Title: | Interface allowing R to use OpenCL |
---|---|
Description: | This package provides an interface to OpenCL, allowing R to leverage computing power of GPUs and other HPC accelerator devices. |
Authors: | Simon Urbanek <[email protected]>, Aaron Puchert <[email protected]> |
Maintainer: | Simon Urbanek <[email protected]> |
License: | BSD_3_clause + file LICENSE |
Version: | 0.2-11 |
Built: | 2024-10-11 02:41:51 UTC |
Source: | https://github.com/s-u/opencl |
OpenCL buffers are just like numeric or integer vectors that reside on the
GPU and can directly be accessed by kernels. Both non-scalar arguments to
oclRun
and its return type are OpenCL buffers.
Just like vectors in R, OpenCL buffers have a mode, which is (as of now) one
of "double" or "numeric" (corresponds to double
in OpenCL C), "single"
(float
) or "integer" (int
).
The constructor clBuffer
takes a context as created by
oclContext
, a length and a mode argument.
The conversion function as.clBuffer
creates an OpenCL buffer of the
same length and mode as the argument and copies the data. Conversely,
as.double
(= as.numeric
) and as.integer
read a buffer and
coerce the result as vector the appropriate mode.
With is.clBuffer
one can check if an object is an OpenCL buffer.

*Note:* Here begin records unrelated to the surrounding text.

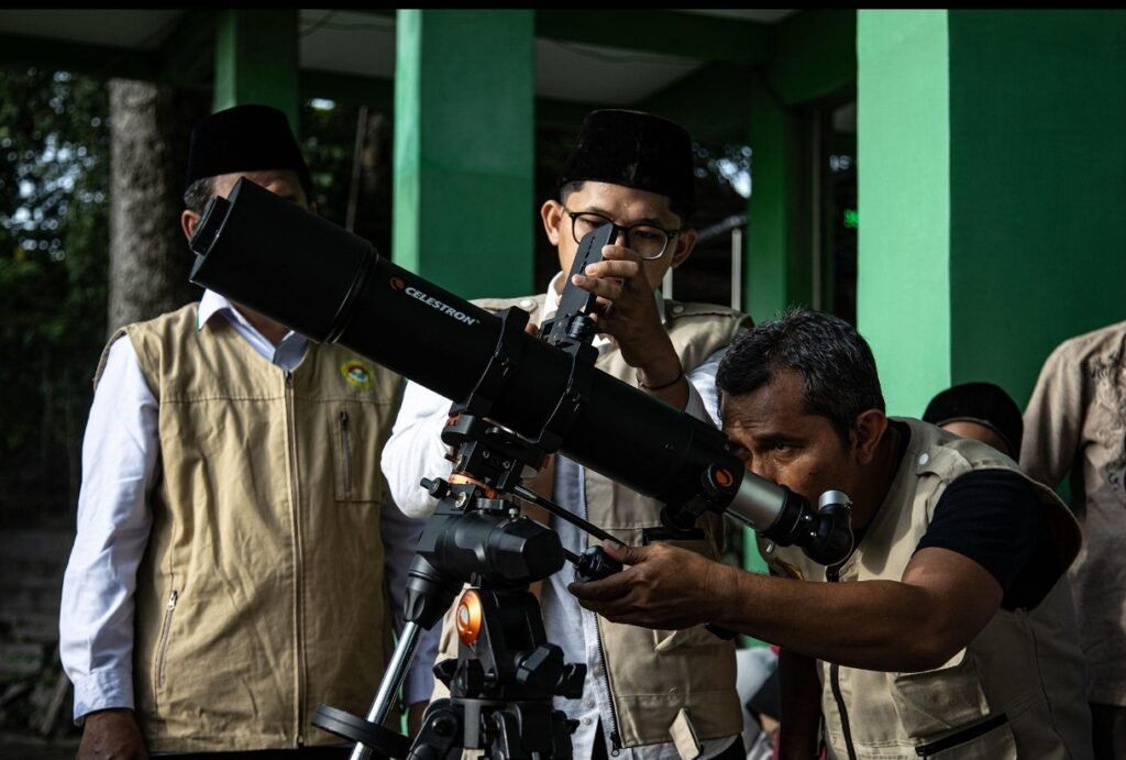 - Hisab, yaitu perhitungan astronomi untuk menentukan posisi hilal secara matematis.
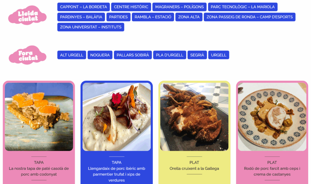 Aquests són els bars i restaurants participants: 4 Llaunes, Abrasas, Aimia, Alveo, Bellera, Bon paladar, Brasa d’Or , Brito’s Casual Bar, Buteko, Cal Benito, Cal Palau, Cal Xirricló, Can Prada, Cantamanyanes, Click Menú, De la Rosa, DeLocos Lleida, DeLocos Tàrrega, Des-tapa’t Coffee Green Bites, El Altar Major, El Bistrot (Hotel Zenit), El Cau, El Celler del Rosér, El Galeó, El Mesón, El Racó de la Gris, Florensa, Fonda Farré, Fuente de Soda, Galindo, Hostal del Carme, Hostal Vall d’Àneu, Hotel Cardós, Hotel NH Pirineos, Ideal, Julián, L’Antiquaritapes, La Ballena, La Boscana, La Gasolinera d’Àger,La Gorgona, La Gramàtica del Vermut, La Martina, La Masia, La Moderna, La Mossadeta, La Santa, L’Espurna, Marc&Kristy, Merxe’s Mil Sabors, New Class Pardinyes, New Class Rovira Roure, Nou Cal Delme, Petit Xiroi, QR Cafè, Santa Gadea, Saroa, Sköll Lounge Bar, Sköll Pool&Beer, Tosca.
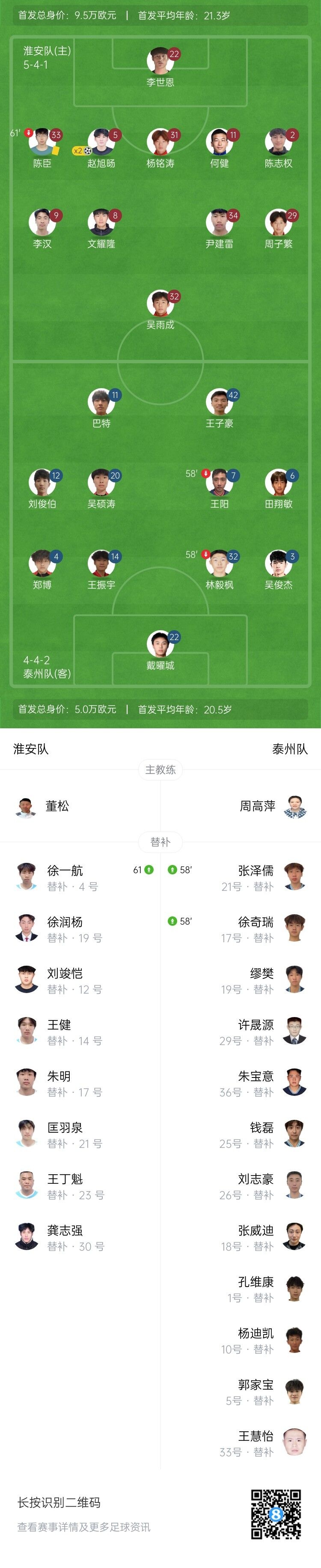 第50分钟,淮安角球开到点球点,赵旭旸冲顶将球砸进大门!2-0!赵旭旸头球双响!↓

The methods length.clBuffer
and print.clBuffer
retrieve the
length and print the contents, respectively.
Basic access to the data is available via [...]
. Note that
only contiguous memory operations are supported on GPU buffers, so if
the index does not reference a contiguous region then the
subsetting/assignment will be performed by retrieving the entire
buffer and perfroming the operation in R which is very expensive.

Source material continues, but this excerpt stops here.